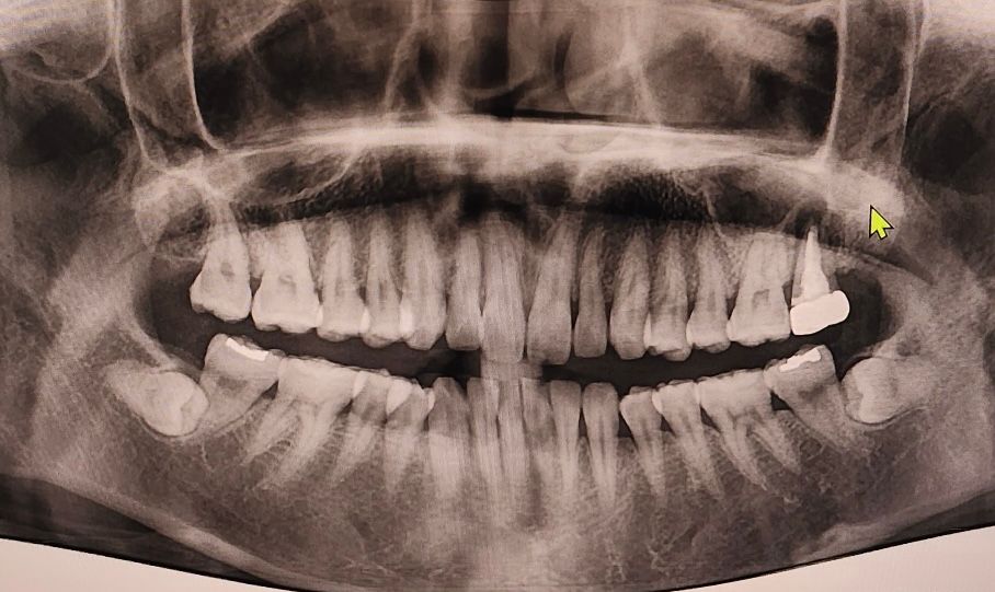 왼쪽위 젤 뒤에 치아끝에 염증이 많으신거 같습니다. 발치를 하고 3개월정도 기다리셧다가 잇몸뼈가 많이 안차면 그떄 상악동 거상술을 하셔야될것같습니다.
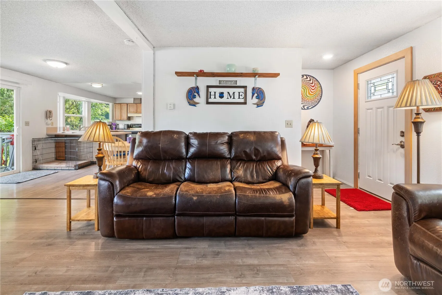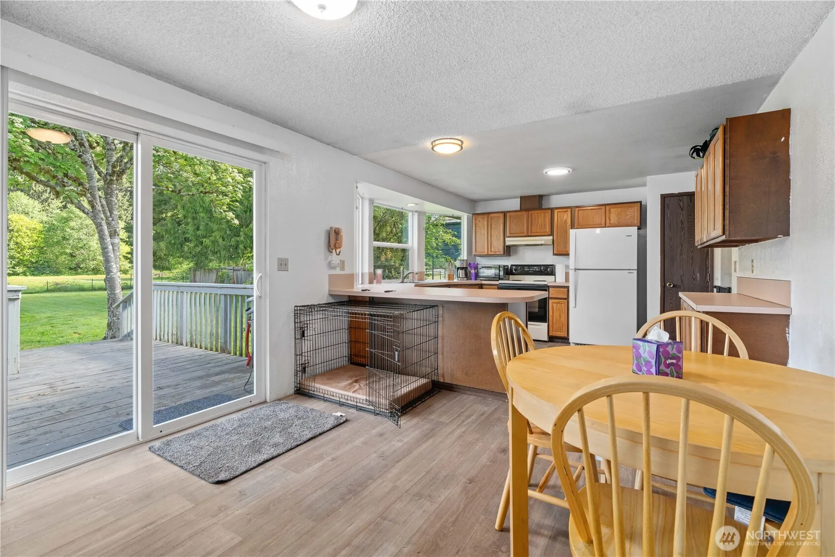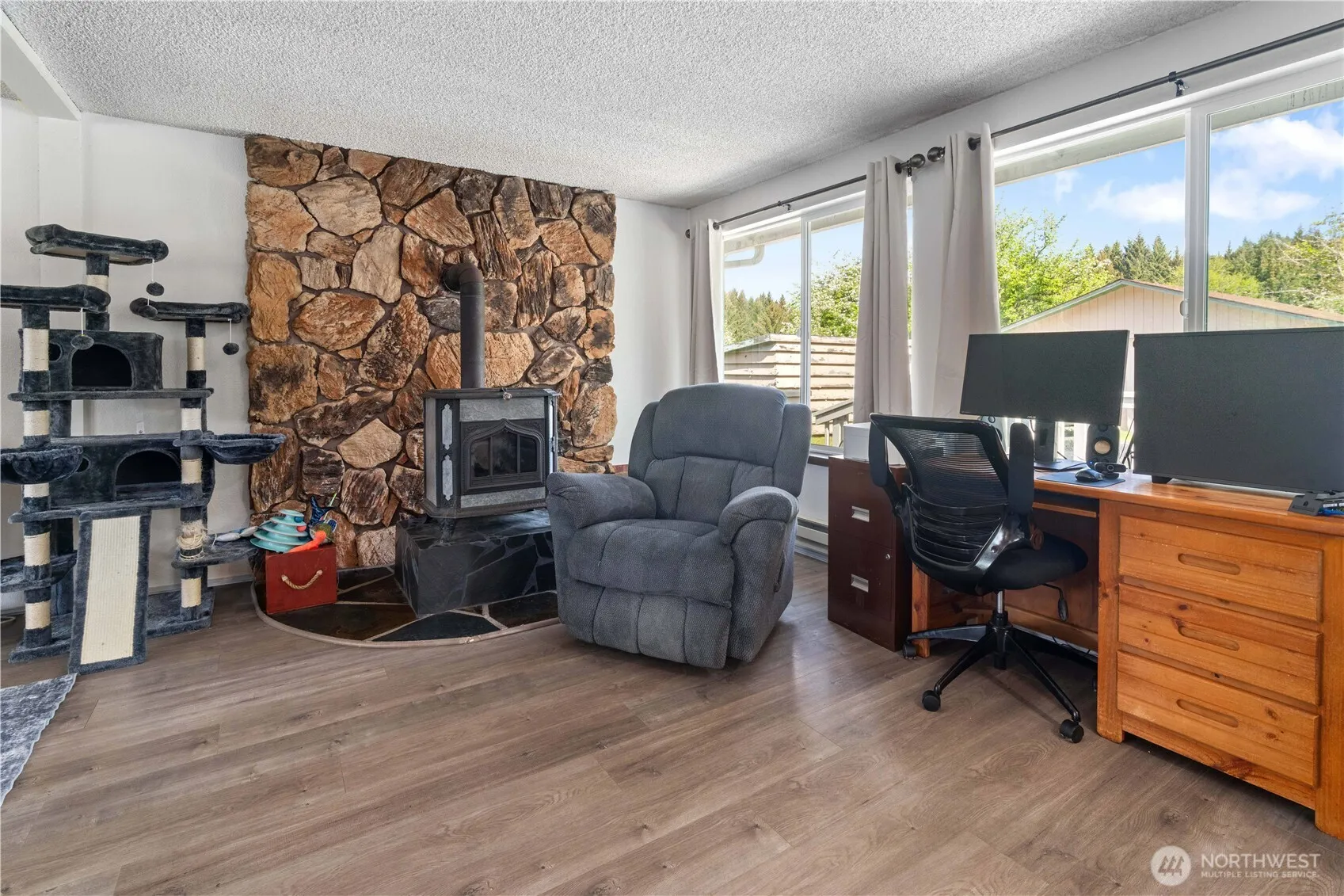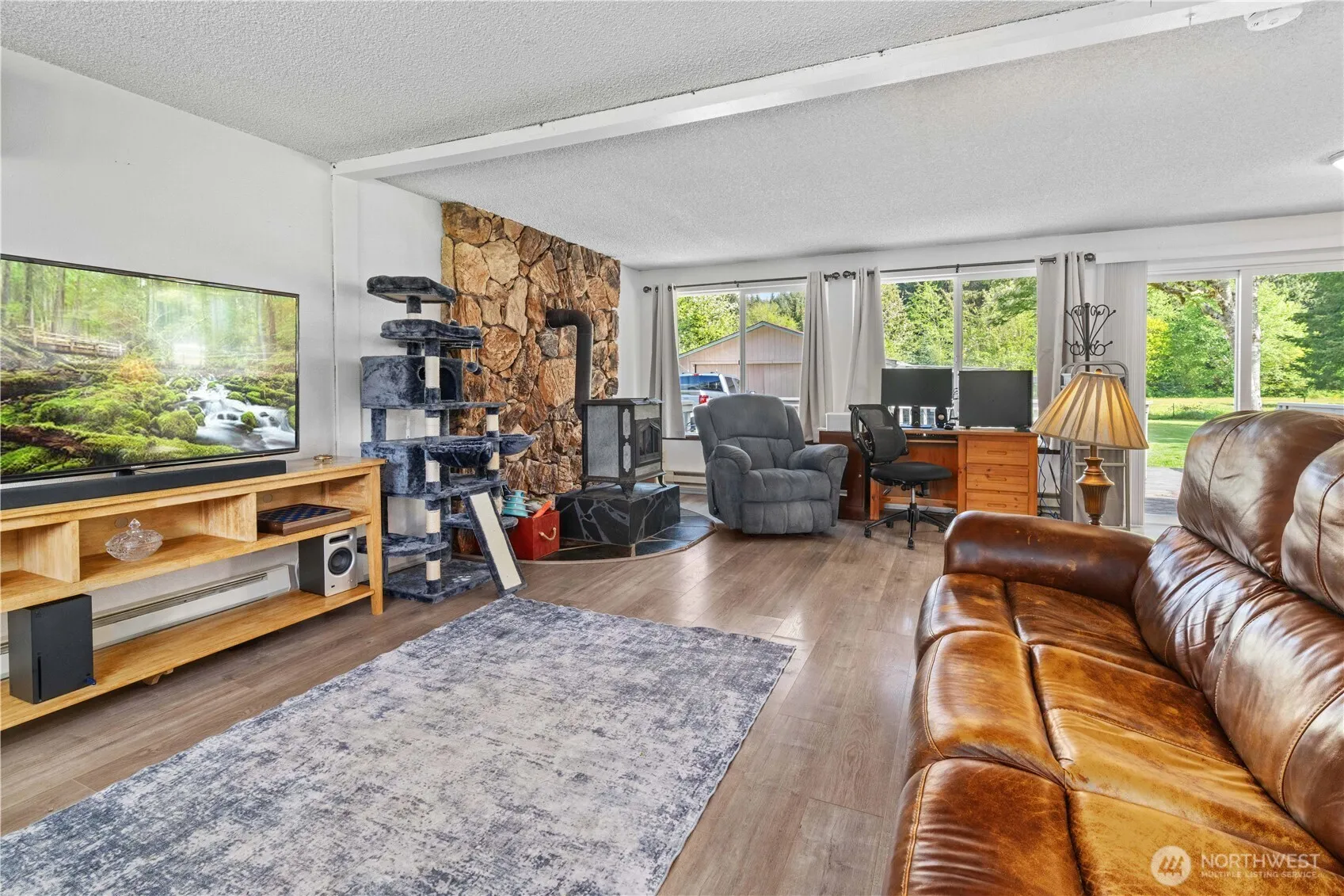 Wonderful 0.40 acre parcel with 1,440 square foot prefab home. This 2 bedroom, plus office, home has had many important upgrades done and is ready for it’s new owner. Large living room, dining room and kitchen have new laminate flooring and are kept comfortable with a ductless heat pump and small wood stove with easy access to the private back deck through a vinyl sliding glass door. The kitchen offers a great view of the scenic back yard and a ton of counterspace! Primary bedroom is huge with a private walk in closet and 3/4 bathroom. 2nd bedroom and office are nice size and offer easy access to the full bathroom off of the hall. The property has a 576 sf detached shop with additional storage area & carport. Enjoy the view!
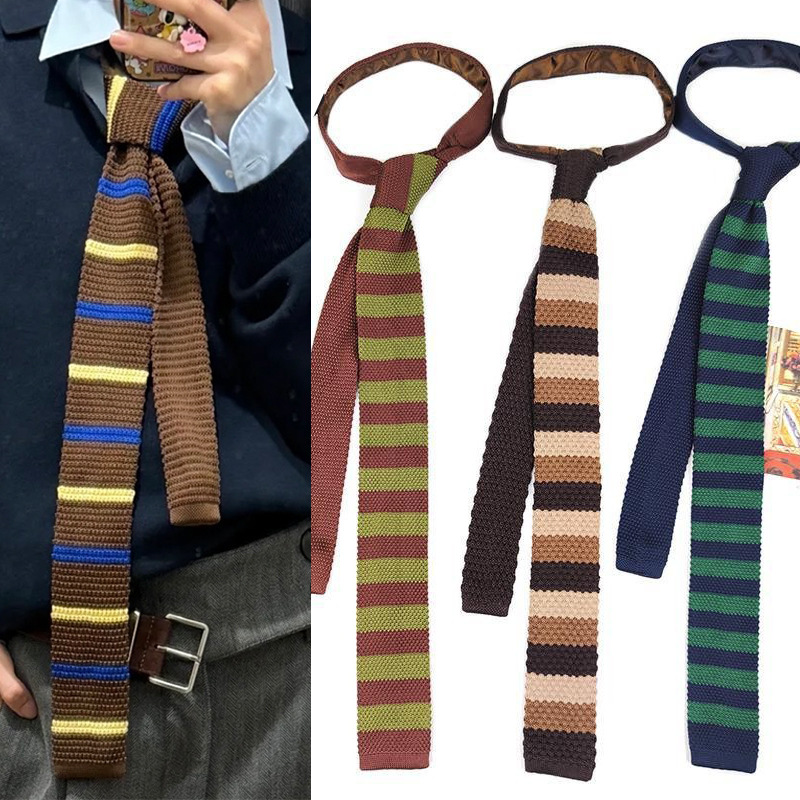 爆款复古针织领带毛线平角手打腰带装饰女条纹搭配牛仔裤藏青咖棕
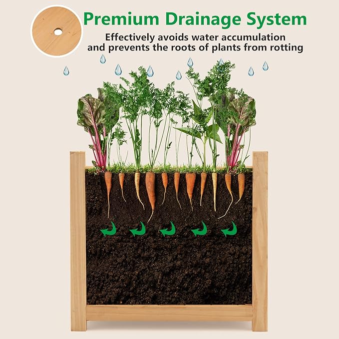 • Detachable Bottom with Drainage Hole: The bottom plank of our raised garden bed is detachable. This design makes it easy to manage and clean the planting box. There is drainage hole in the middle of the bottom plank, which is conducive to draining excess water and promoting the growth of plant roots.

▸ **Required work**:
Could you return the listing above exactly, minus its pictures?

▸ **Task solution**:
 왼쪽위 젤 뒤에 치아끝에 염증이 많으신거 같습니다. 발치를 하고 3개월정도 기다리셧다가 잇몸뼈가 많이 안차면 그떄 상악동 거상술을 하셔야될것같습니다.
 Wonderful 0.40 acre parcel with 1,440 square foot prefab home. This 2 bedroom, plus office, home has had many important upgrades done and is ready for it’s new owner. Large living room, dining room and kitchen have new laminate flooring and are kept comfortable with a ductless heat pump and small wood stove with easy access to the private back deck through a vinyl sliding glass door. The kitchen offers a great view of the scenic back yard and a ton of counterspace! Primary bedroom is huge with a private walk in closet and 3/4 bathroom. 2nd bedroom and office are nice size and offer easy access to the full bathroom off of the hall. The property has a 576 sf detached shop with additional storage area & carport. Enjoy the view!
 爆款复古针织领带毛线平角手打腰带装饰女条纹搭配牛仔裤藏青咖棕
 • Detachable Bottom with Drainage Hole: The bottom plank of our raised garden bed is detachable. This design makes it easy to manage and clean the planting box. There is drainage hole in the middle of the bottom plank, which is conducive to draining excess water and promoting the growth of plant roots.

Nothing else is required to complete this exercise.